Items listed in a dataset:
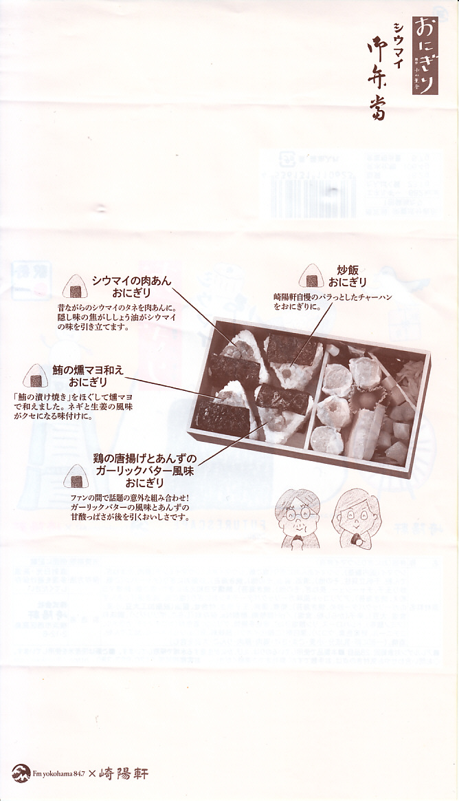 掛紙の表面には、ラジオ局が入居するビルや番組の出演者などのイラストとおにぎりを描き、裏面には写真付きで中身と宣伝文を掲載する。中身はシウマイの肉あんおにぎり、鮪の燻マヨ和えおにぎり、鶏の唐揚げとあんずのガーリックバター風味おにぎり、炒飯おにぎりで4種各1個のミニおにぎりと、小梅、かまぼこ、玉子焼、筍煮、紅生姜と昆布煮、醤油と洋辛子、昔ながらのシウマイ4個。その内容のほとんどは、シウマイ弁当から来ている。入荷前の売店に列び待ち構えていないと買えなかった人気も、シウマイ弁当より高価かつ少量で、まあ記念商品といったところ。
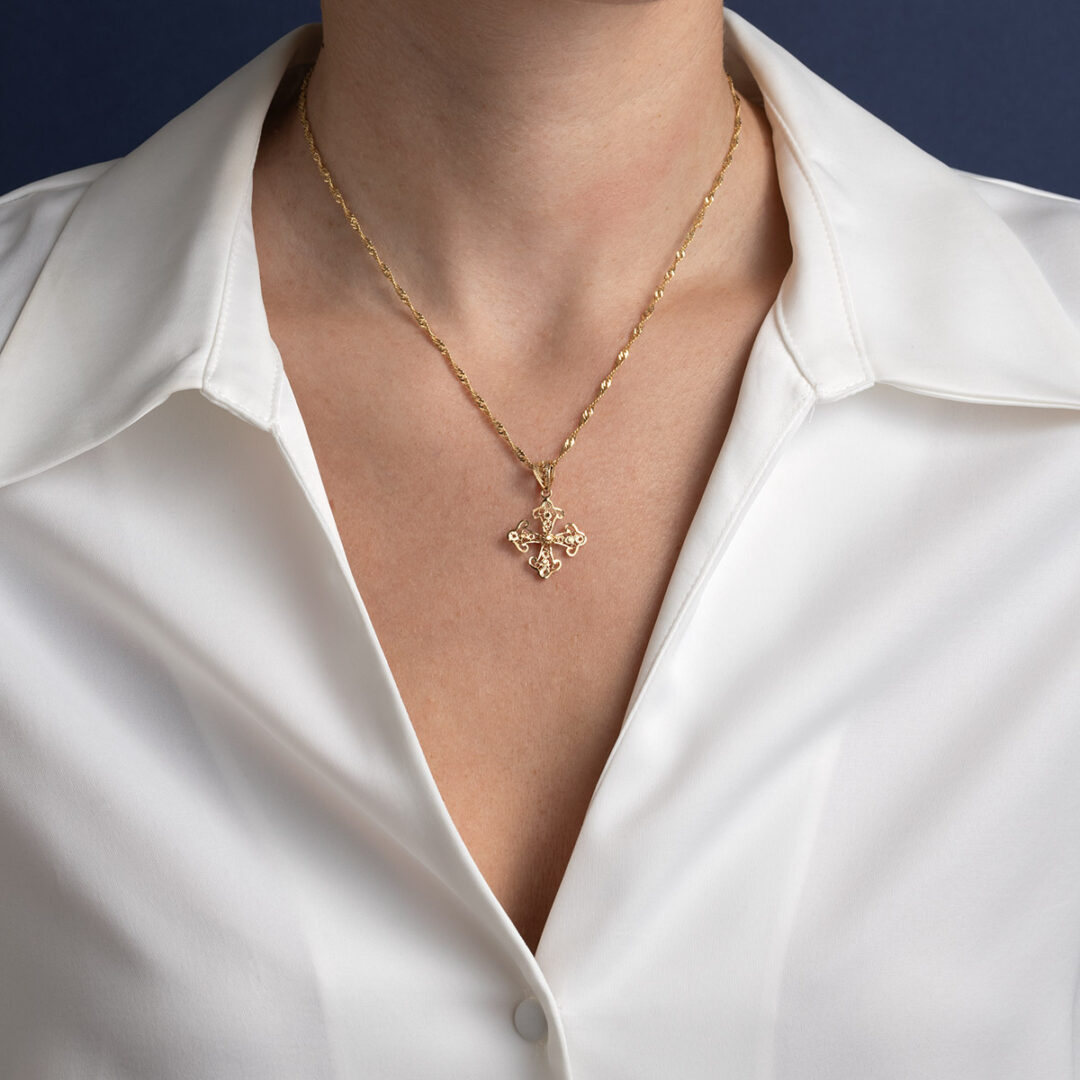14K Gold Byzantine Filigree Cross
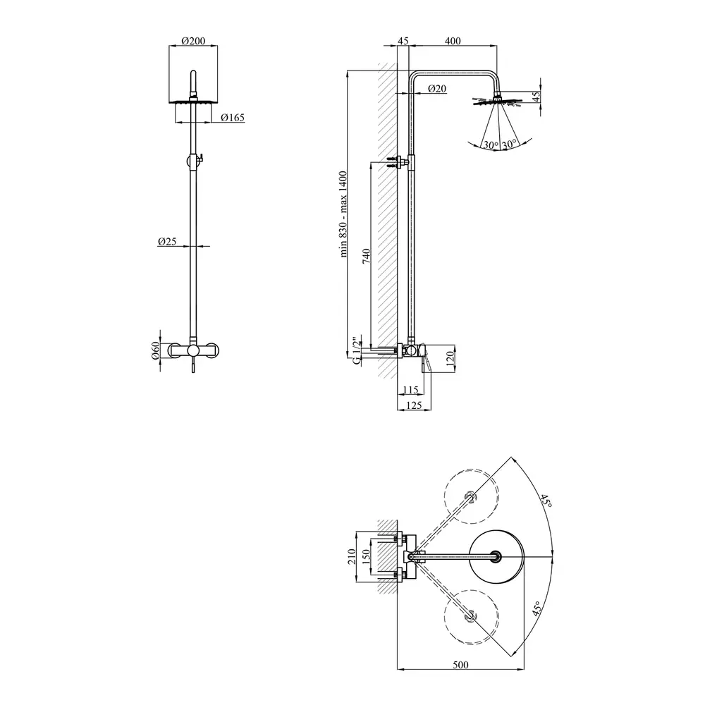 Змішувач, кронштейн для верхнього душу, вирва для верхнього душу, душова стійка, кріплення.
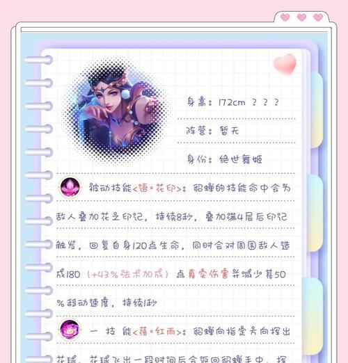 近期新版本更新,貂蝉作为一位高机动性和输出能力的法师英雄,再度成为热门选择。本文将为大家详细介绍新版本下最适合貂蝉的出装以及铭文选择,帮助玩家们在游戏中发挥出她最强的战斗力。
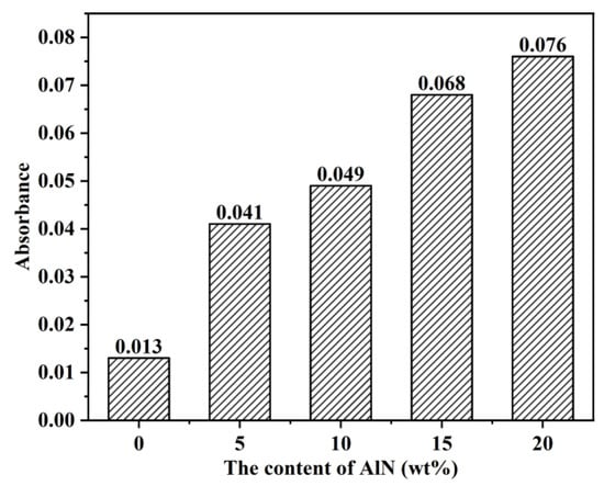 The cure depth and excess width were increased with the enhancement of energy in Figure 3. Besides, cure depth and excess width decreased with the increase of AlN content, which indicates that AlN as an additive has adverse effects on the cure capability of the ceramic suspension. However, lower excess width can be beneficial to the high printing precision during the process of DLP [30]. To characterize the effect of AlN content on the cure capability, Sd, Sw, and Db were calculated according to Equations (4)–(6). The results are presented in Table 1. It shows that Sd, Sw, and Db of Al2O3-AlN suspensions are reducing with the increase of AlN content. Sd, Sw, and Db decrease from 50.06 to 25.07 µm, 101.39 to 52.31 µm, and 42.23 to 19.36 µm, respectively, which can bring better control of the printing precision. As AlN powders absorb more ultraviolet light, it results in the decline of cure ability. The absorptance of the ceramic powders, with AlN powders content varying from 0 to 20 wt%, was measured in 405 nm wavelength to prove the conclusion. As presented in Figure 4, the absorbance of the Al2O3-AlN increased four times at least compared with the Al2O3 powders, and it also raised with the increase of AlN content, which confirms the above inference.
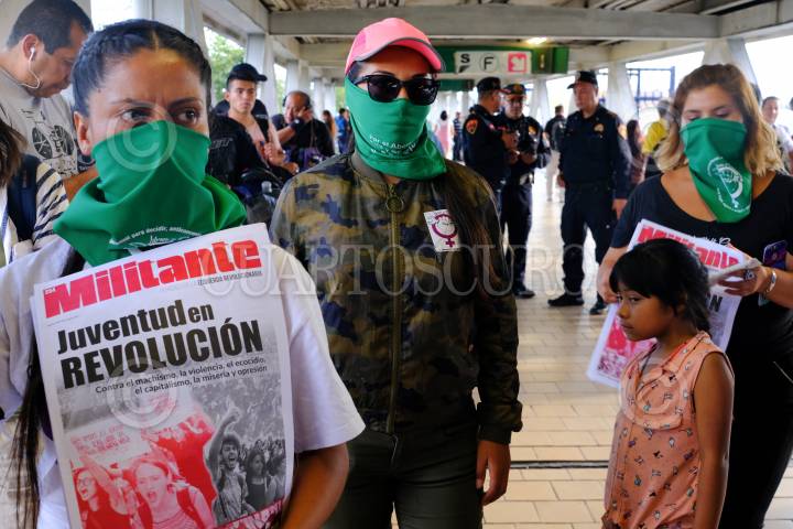 CIUDAD DE MÉXICO, 13AGOSTO2019.- Integrantes de la organización "Libres y Combativas" realizaron el mitin "Basta de violencia en el transporte público", en el que exigieron la depuración de cuerpos policíacos de todos los rangos, la investigación a los presuntos violadores en los casos de Azcapotzalco y Museo Archivo de la Fotografía, así como mayor seguridad, alumbrado, la destitución de Gustavo Omar Jiménez Escudero, fiscal Central de Investigación, y de María Concepción Prado García, fiscal Central de Investigación para la rencion de delitos sexuales y la aplicación de la Ley General de Acceso a las Mujeres a una Vida Libre de Violencia desde todas las instancias del gobierno a nivel nacional. La manifestación se realizó en el paradero del metro Constitución de 1917 de la línea 8, alcaldía Iztapalapa. FOTO: GRACIELA LÓPEZ /CUARTOSCURO.COM
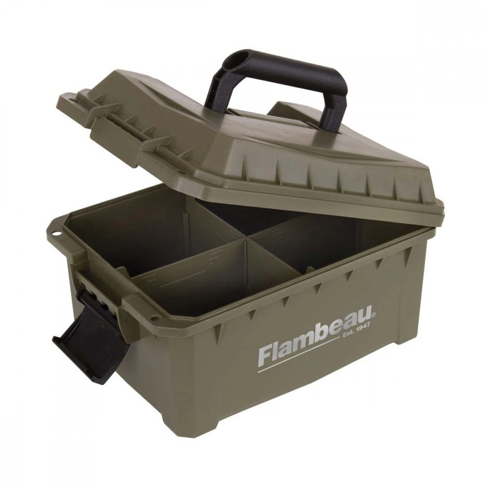 Petite mallette à cartouches compartimentés. Elle permet le stockage de 4 boites de cartouches de chasse de calibre 12/89. Les séparateurs sont amovibles. La mallette est étanche. Dimensions : 25 x 19 x 10 cm.
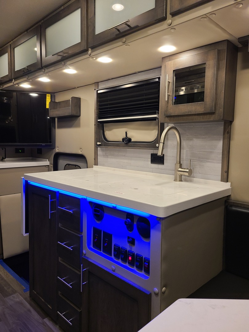 3000-Watt Inverter/Charger with Remote Display; Auto Generator Start with Purchase of Generator; Automatic Transfer Switch; 30 Amp Shoreline – Marine Grade & Heavy Cord; LED Light Fixtures; LED Auto Light in Sink Cabinet; (2) USB Receptacles
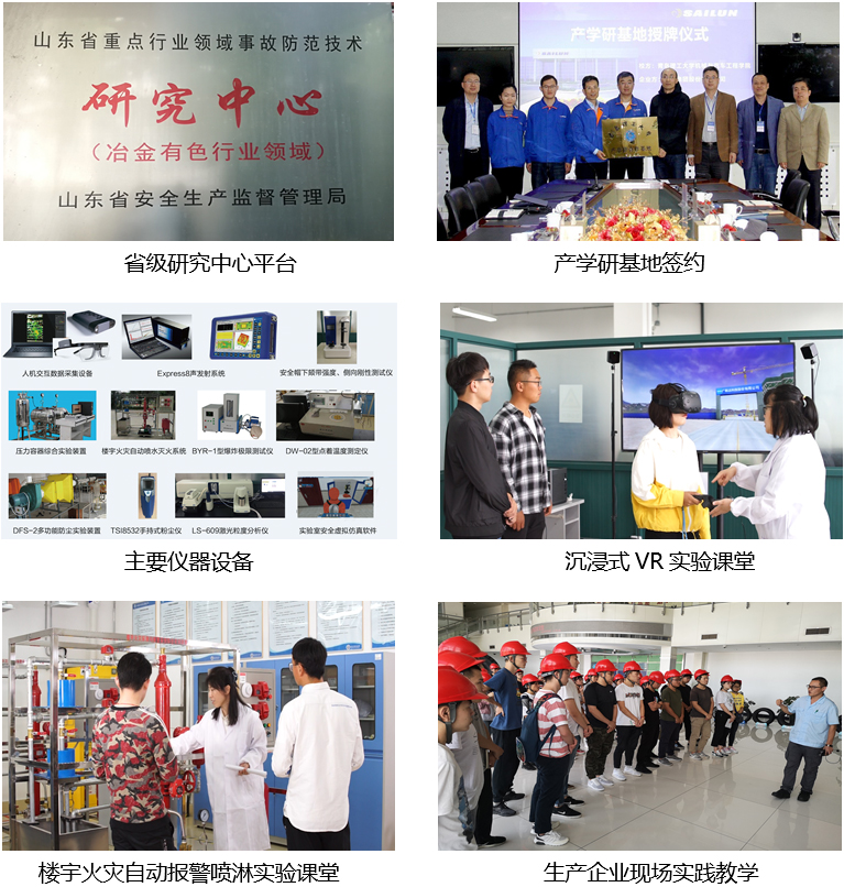 科学研究:近年来,本专业教师主持完成教育部产学合作协同育人项目、山东省教研教改项目等省级以上教研项目20余项,获山东省省级教学成果奖9项,获批山东省一流本科课程2门;主持完成国家自然科学基金项目、山东省自然基金项目等省级以上科研课题30余项,与企业合作、服务地方经济建设项目80余项,发表SCI、EI和中文核心期刊等科技论文200余篇,主编教材5部、出版学术专著5部。相关的研究成果已经在土木建筑、石油化工、能源开发、工业生产等领域得到了广泛的应用,获国家安全生产监督管理总局安全生产科技成果奖、山东省科技进步奖、中国职业安全健康协会科学技术奖等科研奖励20余项。
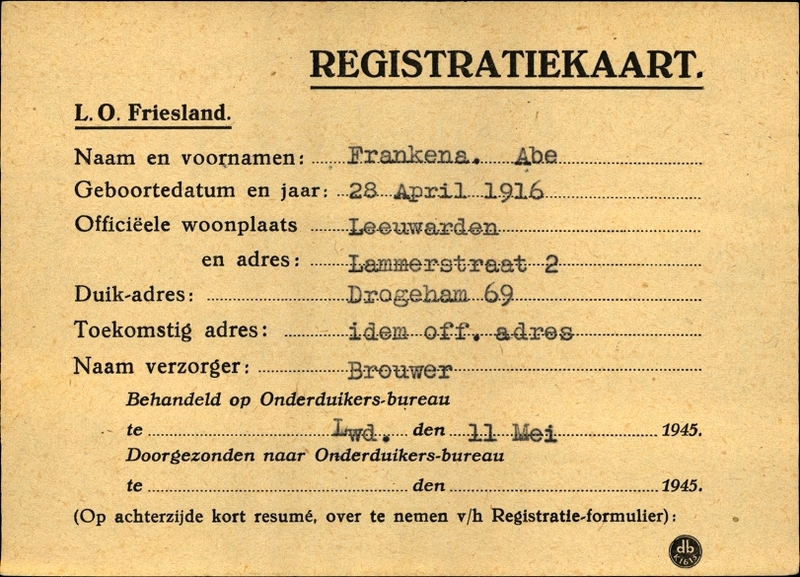 Duikadres: 69, Drogeham - Oorspronkelijk adres: Lammerstraat 2, Leeuwarden - Reden onderduik: arbeidsinzet - Overige opmerkingen: Achterkant bijzonderheden: Werkzaam geweest als controleur en chauffeur ondergedoken wegens AI - gewijzigd PB. alleen nwe. stkrt. met verkeerd Gemeentestempel - Achterkant beroep: controleur en chauffeur

[What this task involves] All of the entries must be reproduced exactly, apart from the pictures, which are to be dropped.

[Exercise output]
 掛紙の表面には、ラジオ局が入居するビルや番組の出演者などのイラストとおにぎりを描き、裏面には写真付きで中身と宣伝文を掲載する。中身はシウマイの肉あんおにぎり、鮪の燻マヨ和えおにぎり、鶏の唐揚げとあんずのガーリックバター風味おにぎり、炒飯おにぎりで4種各1個のミニおにぎりと、小梅、かまぼこ、玉子焼、筍煮、紅生姜と昆布煮、醤油と洋辛子、昔ながらのシウマイ4個。その内容のほとんどは、シウマイ弁当から来ている。入荷前の売店に列び待ち構えていないと買えなかった人気も、シウマイ弁当より高価かつ少量で、まあ記念商品といったところ。
14K Gold Byzantine Filigree Cross
 Змішувач, кронштейн для верхнього душу, вирва для верхнього душу, душова стійка, кріплення.
 近期新版本更新,貂蝉作为一位高机动性和输出能力的法师英雄,再度成为热门选择。本文将为大家详细介绍新版本下最适合貂蝉的出装以及铭文选择,帮助玩家们在游戏中发挥出她最强的战斗力。
 The cure depth and excess width were increased with the enhancement of energy in Figure 3. Besides, cure depth and excess width decreased with the increase of AlN content, which indicates that AlN as an additive has adverse effects on the cure capability of the ceramic suspension. However, lower excess width can be beneficial to the high printing precision during the process of DLP [30]. To characterize the effect of AlN content on the cure capability, Sd, Sw, and Db were calculated according to Equations (4)–(6). The results are presented in Table 1. It shows that Sd, Sw, and Db of Al2O3-AlN suspensions are reducing with the increase of AlN content. Sd, Sw, and Db decrease from 50.06 to 25.07 µm, 101.39 to 52.31 µm, and 42.23 to 19.36 µm, respectively, which can bring better control of the printing precision. As AlN powders absorb more ultraviolet light, it results in the decline of cure ability. The absorptance of the ceramic powders, with AlN powders content varying from 0 to 20 wt%, was measured in 405 nm wavelength to prove the conclusion. As presented in Figure 4, the absorbance of the Al2O3-AlN increased four times at least compared with the Al2O3 powders, and it also raised with the increase of AlN content, which confirms the above inference.
 CIUDAD DE MÉXICO, 13AGOSTO2019.- Integrantes de la organización "Libres y Combativas" realizaron el mitin "Basta de violencia en el transporte público", en el que exigieron la depuración de cuerpos policíacos de todos los rangos, la investigación a los presuntos violadores en los casos de Azcapotzalco y Museo Archivo de la Fotografía, así como mayor seguridad, alumbrado, la destitución de Gustavo Omar Jiménez Escudero, fiscal Central de Investigación, y de María Concepción Prado García, fiscal Central de Investigación para la rencion de delitos sexuales y la aplicación de la Ley General de Acceso a las Mujeres a una Vida Libre de Violencia desde todas las instancias del gobierno a nivel nacional. La manifestación se realizó en el paradero del metro Constitución de 1917 de la línea 8, alcaldía Iztapalapa. FOTO: GRACIELA LÓPEZ /CUARTOSCURO.COM
 Petite mallette à cartouches compartimentés. Elle permet le stockage de 4 boites de cartouches de chasse de calibre 12/89. Les séparateurs sont amovibles. La mallette est étanche. Dimensions : 25 x 19 x 10 cm.
 3000-Watt Inverter/Charger with Remote Display; Auto Generator Start with Purchase of Generator; Automatic Transfer Switch; 30 Amp Shoreline – Marine Grade & Heavy Cord; LED Light Fixtures; LED Auto Light in Sink Cabinet; (2) USB Receptacles
 科学研究:近年来,本专业教师主持完成教育部产学合作协同育人项目、山东省教研教改项目等省级以上教研项目20余项,获山东省省级教学成果奖9项,获批山东省一流本科课程2门;主持完成国家自然科学基金项目、山东省自然基金项目等省级以上科研课题30余项,与企业合作、服务地方经济建设项目80余项,发表SCI、EI和中文核心期刊等科技论文200余篇,主编教材5部、出版学术专著5部。相关的研究成果已经在土木建筑、石油化工、能源开发、工业生产等领域得到了广泛的应用,获国家安全生产监督管理总局安全生产科技成果奖、山东省科技进步奖、中国职业安全健康协会科学技术奖等科研奖励20余项。
 Duikadres: 69, Drogeham - Oorspronkelijk adres: Lammerstraat 2, Leeuwarden - Reden onderduik: arbeidsinzet - Overige opmerkingen: Achterkant bijzonderheden: Werkzaam geweest als controleur en chauffeur ondergedoken wegens AI - gewijzigd PB. alleen nwe. stkrt. met verkeerd Gemeentestempel - Achterkant beroep: controleur en chauffeur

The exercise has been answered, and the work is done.